Studying peripheral and central components of pain is highly relevant. A better understanding is needed for guiding therapy and research. During the last years the importance of central nervous mechanisms for several different pain conditions, previously thought of as peripherally driven only, has been highlighted [2,3,4,5]. Central sensitization is one important such mechanism. The concept was introduced by Clifford Woolf in 1983 when he described how a thermal injury to the paw of an animal induced segmental plastic changes in the spinal cord [6]. This would explain reduced thresholds, increased receptive fields, and augmented synaptic output [6].

The task force for taxonomy of the International Association for the Study of Pain (IASP) define “central sensitization” as “an enhanced responsiveness of nociceptive neurons in the CNS to their normal afferent input”.

An important question is whether there are individuals with a higher risk for developing central sensitization than others, and if so, whether these subjects have an increased risk for developing conditions with a general pain hypersensitivity. Some interesting findings on genetics of sensory function are emerging [7]

Moreover, studies of shoulder impingement syndrome found that patients with hypersensitivity in the area of pain or referred pain had a poorer outcome after surgery [8].

Learning the mechanisms of central sensitization offered new targets for novel analgesics. Drugs that do not effectively stop a noxious stimulus (nociceptive pain) but instead normalize a hypersensitive pain system are important tools. Drugs like ketamine, some antidepressants, alfa-2-agonists, and anticonvulsants such as gabapentin and pregabalin, reduce central sensitization. We also need clinical tools to identify patients where central sensitization is a major treatment target.

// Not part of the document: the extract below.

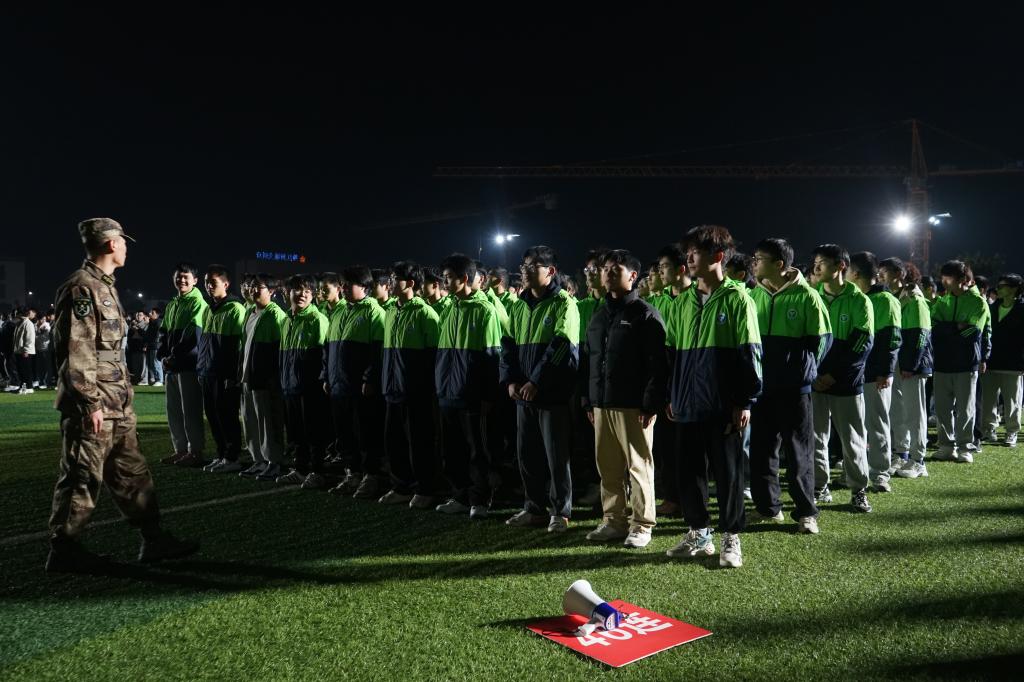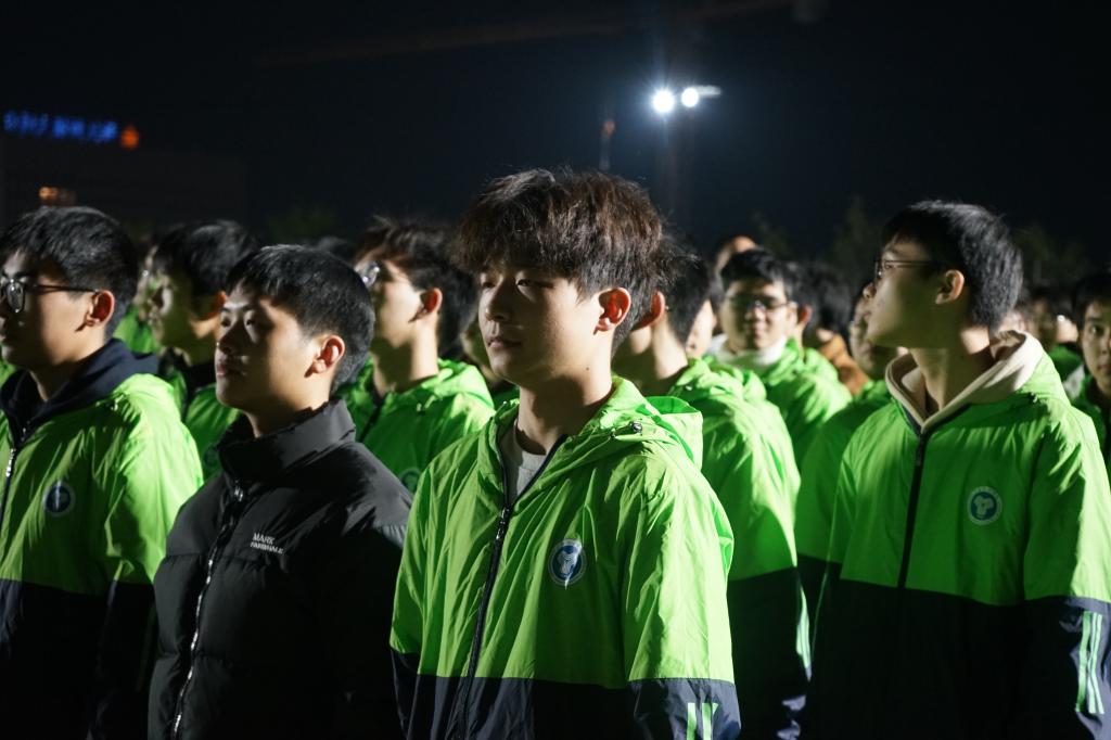 伴随夜幕的降临,信安的学子们络绎不绝的步入校运动场,他们寻找到自己的位置,经过短暂的调整,他们身着校服、整装待发、立正于队伍之中,以坚定的目光彰显直面军训的勇气与担当,以坚挺的身躯磨砺自身坚毅的意识。

The burn injury model used by the Matre and Knardahl tested the sensitization around a burn injury remote from the painful location. The results may have been different if the same stimulus was applied in the field of pain distribution. Other less painful methods than the burn injury are needed for use in the clinic. Despite the negative findings of the present study, the search for a better understanding of the peripheral versus the central nervous contributions to pain conditions should continue. That will eventually help us choosing the correct treatment for each individual patient.


DOI of refers to article: http://dx.doi.org/10.1016/j.sjpain.2012.04.003.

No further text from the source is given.